PredictorsDemographic, socio-economic, insurance, health status and healthcare utilization variables were used as predictors. Demographic predictors included gender, race, age, and marital status. Gender was a binary variable consisting of males and females. Race included four categories – “non-Hispanic whites”, “non-Hispanic blacks”, “Hispanics” and “others”. There were three age groups – below 65 years, 65 to 75 years, and above 75 years. Marital status consisted of four categories – “married”, “widowed”, “divorced/ separated”, and “never married”. Socio-economic predictors were education, annual income, and place of stay. There were three education categories – “less than high school”, “high school or vocational, technical, business, etc.”, and “more than high school”. Annual income was dichotomized creating income below and above $25,000. Place of stay was also a binary variable of respondents from metro and non-metro regions. Insurance predictors consisted of dual coverage (Medicare and Medicaid), whether plan covered drugs, Part D coverage, and enrollment in Medicare Advantage and private insurance. All insurance predictors were binary variables with “yes” or “no” responses. Number of limitations in activities of daily living (ADLs) was the health status predictor. ADLs are limitations to caring for the self as a result of a health or physical issue. Caring for the self includes activities such as bathing, showering, dressing up, eating, getting in or out of bed or chairs, or using toilets. ADL predictor was coded as three responses – none, one, and two or more. Healthcare utilization predictors were number of outpatient office visits, and number of inpatient stays. Both outpatient office visit and inpatient stay variables were categorized into six responses – “no office visit”, “1 to 5 office visits”, “6 to 10 office visits”, “11 to 15 office visits”, “16 to 20 office visits”, and “21 or more office visits”.

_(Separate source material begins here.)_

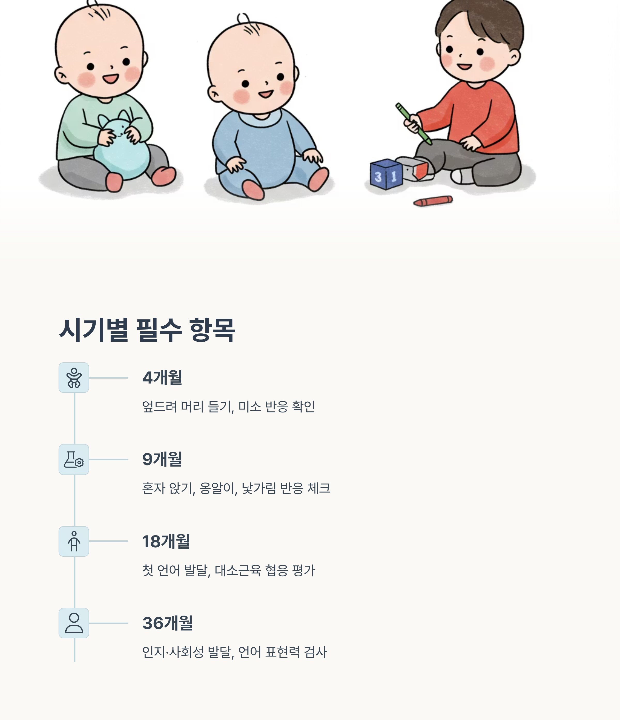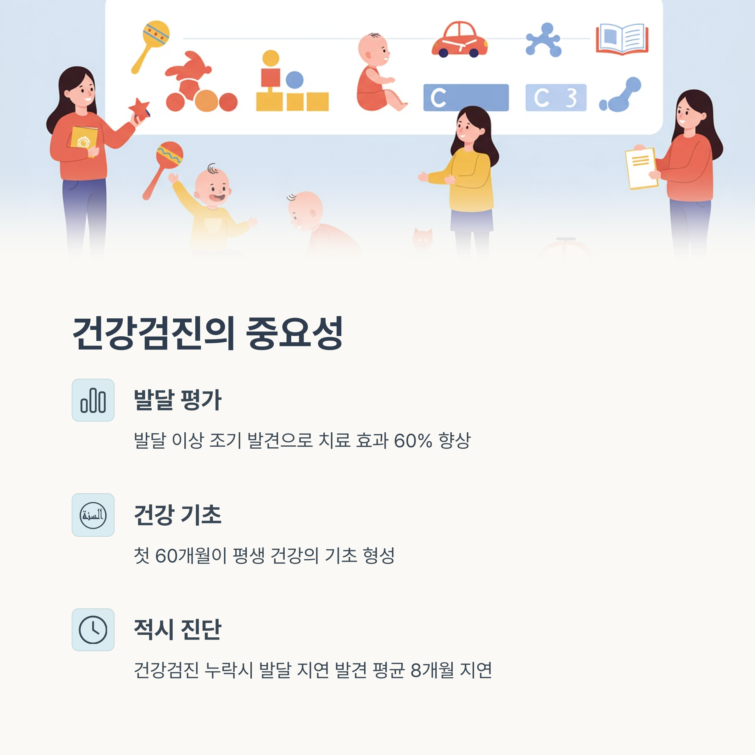 아기 건강검진은 단순한 ‘측정’이 아니라 정상 발달 여부를 조기에 확인하고 조치하는 기회입니다.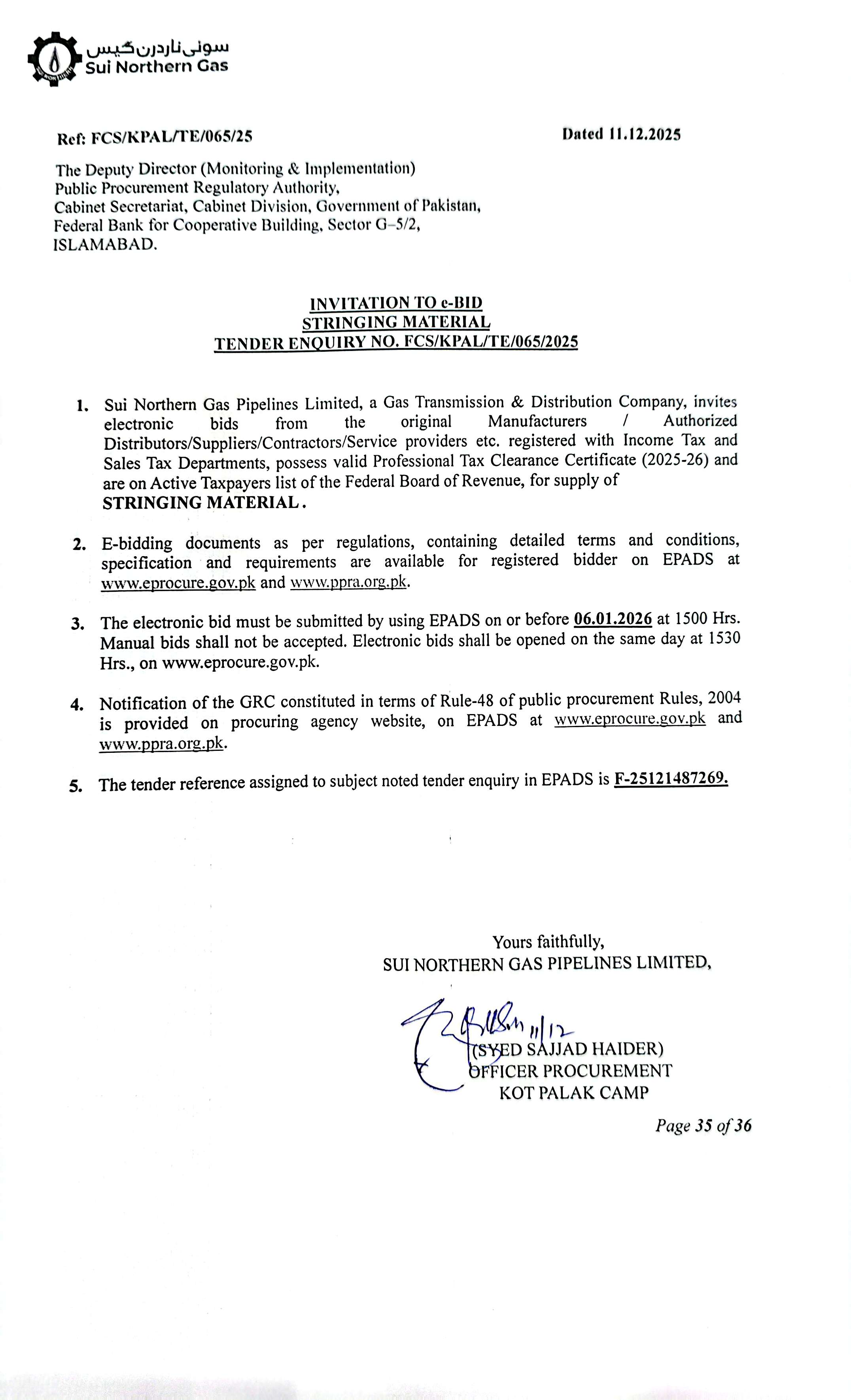 | FCS/KPAL/TE/065/25 | 06, Jan 2026 03:00 PM |

Descriptive analyses conducted for the predictors and the sample characteristics were presented by sub-groups under each predictor as weighted proportions. Correlation was tested among all predictors with the Pearson’s correlation coefficient. Enrollment in the Medicare Advantage Plan was highly correlated with outpatient visits (correlation coefficient -0.66) and private insurance (correlation coefficient -0.83). Thus, enrollment in the Medicare Advantage Plan was dropped from the list of predictors. Bivariable analyses were performed using Rao-Scott tests to demonstrate possible associations between the dependent variable and predictors . Separate Rao-Scott tests were conducted by year cohort (2015 and 2016) and for the pooled cohort. Associations between generic drug use and predictors (demographic, socioeconomic, insurance, and healthcare utilization) were estimated using a multivariable logistic regression model. Associations were considered statistically significant if the p-value was below 0.05. All estimates were weighted by using sample weights to represent the population of all ‘‘ever-enrolled’’ Medicare beneficiaries. Artificial intelligence through a machine learning algorithm was used to improve the predictive modelling for the predictors of generic drug use . We used an ensemble model (random forest) to predict the outcome. Random forest is a supervised machine learning algorithm which uses a combination of decision trees . Decision trees consist of recursively partitioning the inputs (predictors).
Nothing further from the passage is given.